== MATERIAL SHOWN ==
▬▬▬▬▬▬

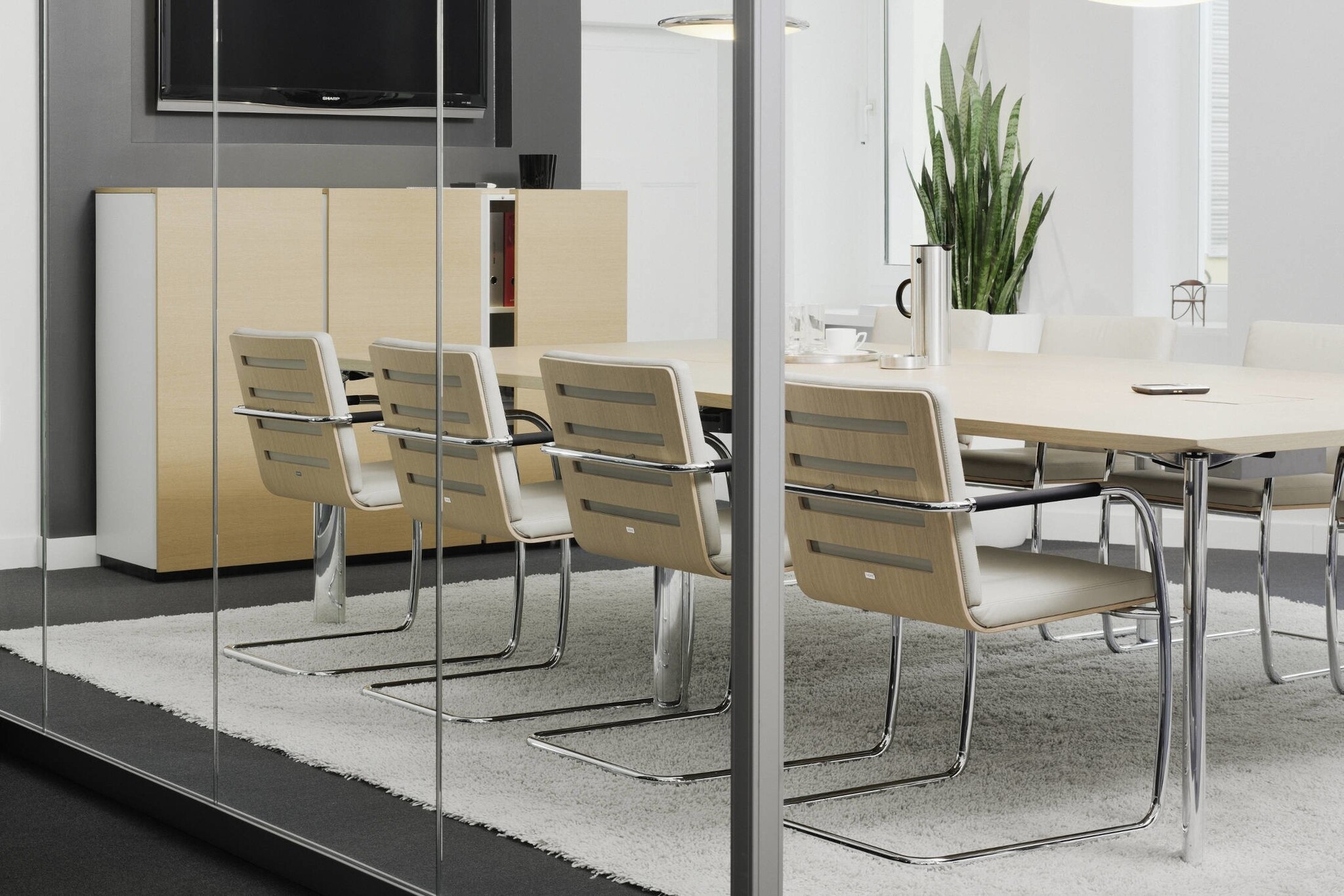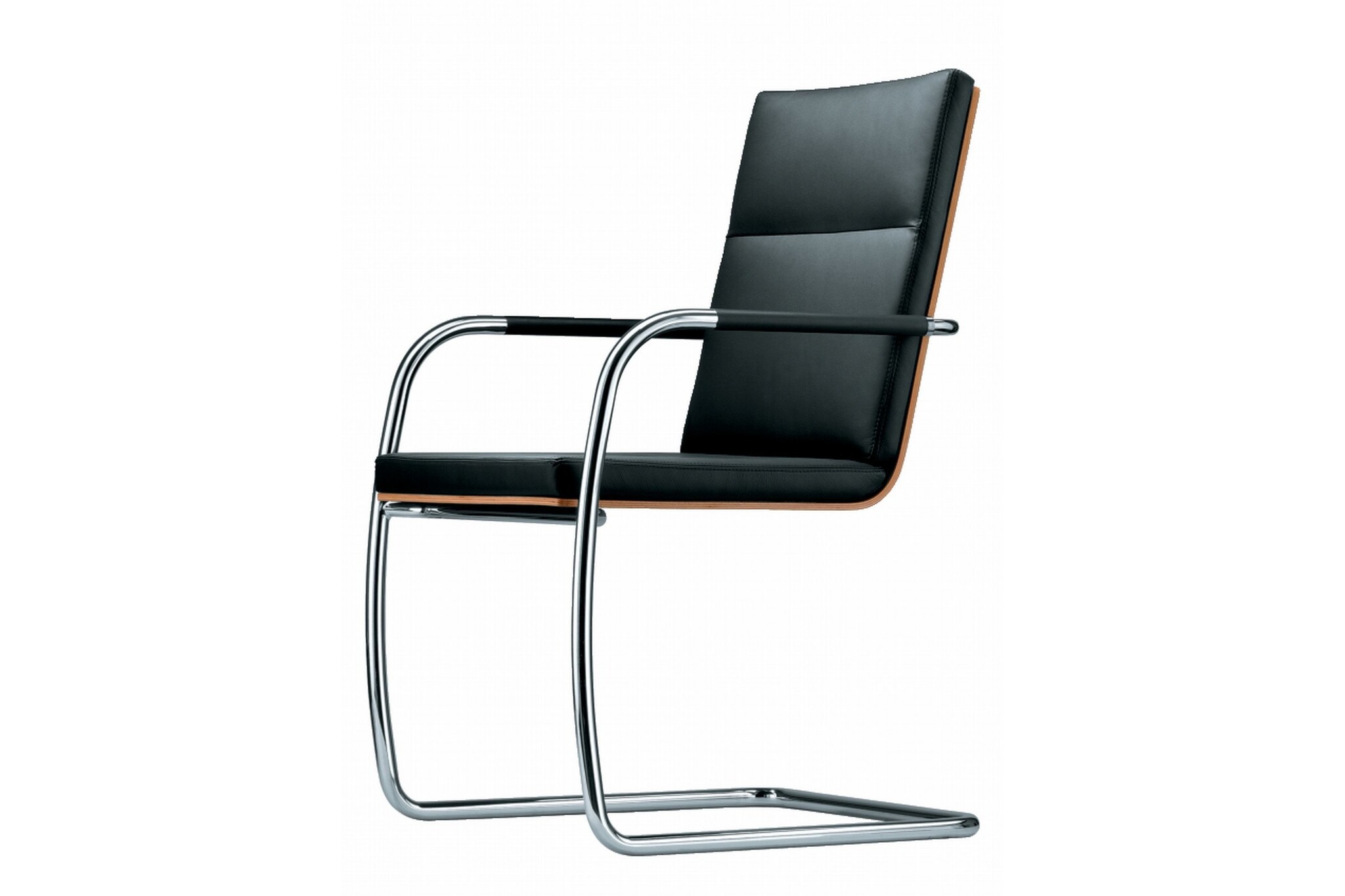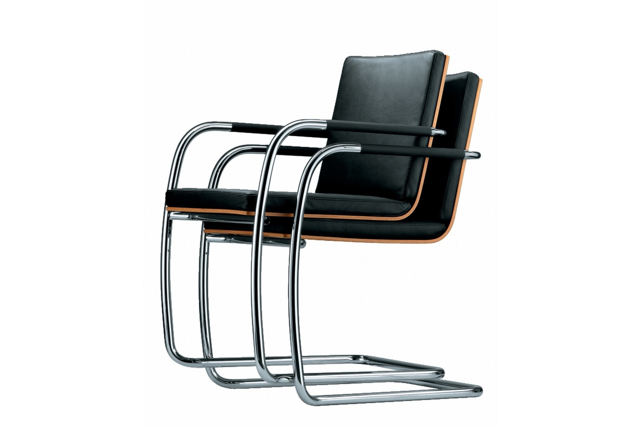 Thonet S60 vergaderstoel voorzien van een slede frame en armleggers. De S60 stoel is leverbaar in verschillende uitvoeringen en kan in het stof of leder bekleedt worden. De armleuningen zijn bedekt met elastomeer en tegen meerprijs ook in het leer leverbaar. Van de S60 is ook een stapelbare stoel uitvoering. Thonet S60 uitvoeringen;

▬▬▬▬▬▬

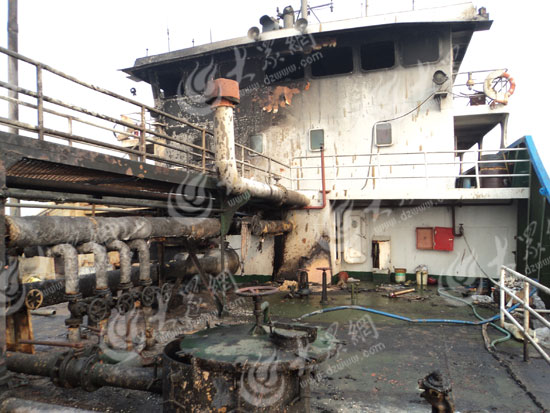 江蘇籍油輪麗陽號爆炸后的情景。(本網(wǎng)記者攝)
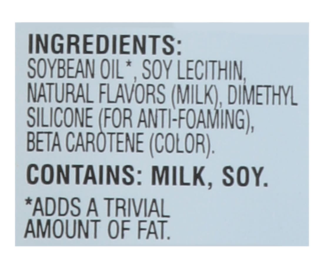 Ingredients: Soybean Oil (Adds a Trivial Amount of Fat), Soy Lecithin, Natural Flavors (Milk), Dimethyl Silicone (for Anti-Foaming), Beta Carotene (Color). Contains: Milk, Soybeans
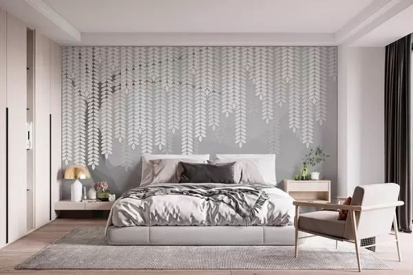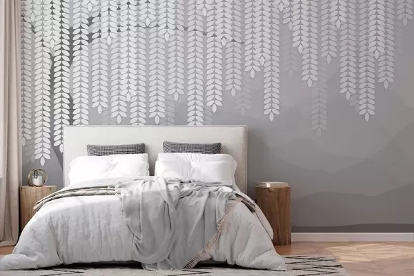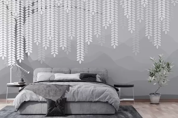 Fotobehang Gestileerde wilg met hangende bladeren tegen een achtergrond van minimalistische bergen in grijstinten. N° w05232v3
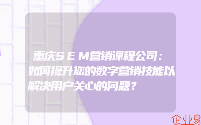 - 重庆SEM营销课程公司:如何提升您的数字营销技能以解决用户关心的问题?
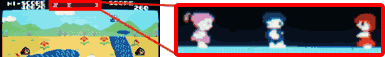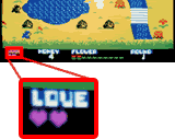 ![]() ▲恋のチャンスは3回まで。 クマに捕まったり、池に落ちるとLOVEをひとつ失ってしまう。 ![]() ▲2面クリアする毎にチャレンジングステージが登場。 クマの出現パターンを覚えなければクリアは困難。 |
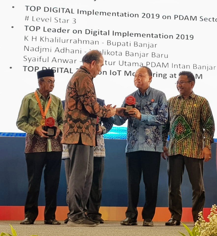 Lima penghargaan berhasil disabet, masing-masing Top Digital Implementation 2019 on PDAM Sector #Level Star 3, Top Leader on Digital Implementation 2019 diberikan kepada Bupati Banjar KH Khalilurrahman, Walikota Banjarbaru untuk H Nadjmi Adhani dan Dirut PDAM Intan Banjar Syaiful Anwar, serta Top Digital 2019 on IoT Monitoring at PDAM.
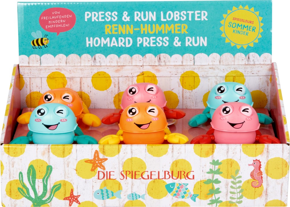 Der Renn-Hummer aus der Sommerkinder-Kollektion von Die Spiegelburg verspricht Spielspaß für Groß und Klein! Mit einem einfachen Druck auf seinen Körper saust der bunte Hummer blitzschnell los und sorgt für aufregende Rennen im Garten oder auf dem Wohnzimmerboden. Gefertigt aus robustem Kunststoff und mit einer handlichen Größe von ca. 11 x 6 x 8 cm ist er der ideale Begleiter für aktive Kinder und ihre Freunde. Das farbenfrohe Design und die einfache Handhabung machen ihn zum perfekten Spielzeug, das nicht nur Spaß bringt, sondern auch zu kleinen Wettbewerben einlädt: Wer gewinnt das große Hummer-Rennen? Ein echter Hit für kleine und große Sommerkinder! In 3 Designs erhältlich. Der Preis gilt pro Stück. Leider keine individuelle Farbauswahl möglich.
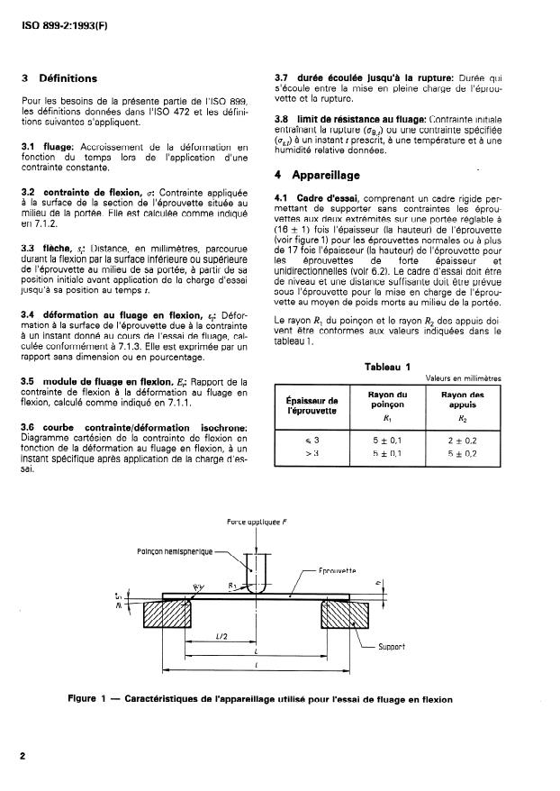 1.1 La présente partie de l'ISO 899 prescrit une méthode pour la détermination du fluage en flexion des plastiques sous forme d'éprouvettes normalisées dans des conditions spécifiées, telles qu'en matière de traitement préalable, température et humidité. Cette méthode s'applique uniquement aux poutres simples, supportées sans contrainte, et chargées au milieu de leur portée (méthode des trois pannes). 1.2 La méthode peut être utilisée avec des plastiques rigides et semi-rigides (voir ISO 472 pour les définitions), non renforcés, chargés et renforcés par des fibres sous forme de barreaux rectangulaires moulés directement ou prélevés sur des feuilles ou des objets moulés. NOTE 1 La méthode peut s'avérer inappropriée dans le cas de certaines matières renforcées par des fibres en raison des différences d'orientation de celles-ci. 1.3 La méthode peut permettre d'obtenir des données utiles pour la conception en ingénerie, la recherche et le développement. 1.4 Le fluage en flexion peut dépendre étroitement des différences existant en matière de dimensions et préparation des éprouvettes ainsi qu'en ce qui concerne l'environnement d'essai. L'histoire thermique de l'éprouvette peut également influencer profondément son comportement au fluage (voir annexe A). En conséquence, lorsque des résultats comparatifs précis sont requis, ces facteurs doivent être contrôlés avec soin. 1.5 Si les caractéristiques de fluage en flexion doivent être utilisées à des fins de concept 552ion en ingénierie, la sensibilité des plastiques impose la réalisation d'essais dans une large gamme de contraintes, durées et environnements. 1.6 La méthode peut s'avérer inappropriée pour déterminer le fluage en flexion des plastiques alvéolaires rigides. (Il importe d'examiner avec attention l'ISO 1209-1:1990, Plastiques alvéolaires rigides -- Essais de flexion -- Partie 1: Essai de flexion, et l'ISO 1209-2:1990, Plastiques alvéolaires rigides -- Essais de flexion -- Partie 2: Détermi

▬▬▬▬▬▬

== TASK REQUIREMENTS ==
Please return the data above exactly as it stands from the line with "Ingredients: Soybean Oil" to the line with "クマに捕まったり、池に落ちるとLOVEをひとつ失ってしまう。 ![]() ▲2面クリアする毎にチャレンジングステージが登場。", keeping both of those lines but none of the pictures.

== OUTPUT FOR THIS EXERCISE ==
 Ingredients: Soybean Oil (Adds a Trivial Amount of Fat), Soy Lecithin, Natural Flavors (Milk), Dimethyl Silicone (for Anti-Foaming), Beta Carotene (Color). Contains: Milk, Soybeans
 Fotobehang Gestileerde wilg met hangende bladeren tegen een achtergrond van minimalistische bergen in grijstinten. N° w05232v3
 - 重庆SEM营销课程公司:如何提升您的数字营销技能以解决用户关心的问题?
 ![]() ▲恋のチャンスは3回まで。 クマに捕まったり、池に落ちるとLOVEをひとつ失ってしまう。 ![]() ▲2面クリアする毎にチャレンジングステージが登場。 クマの出現パターンを覚えなければクリアは困難。 |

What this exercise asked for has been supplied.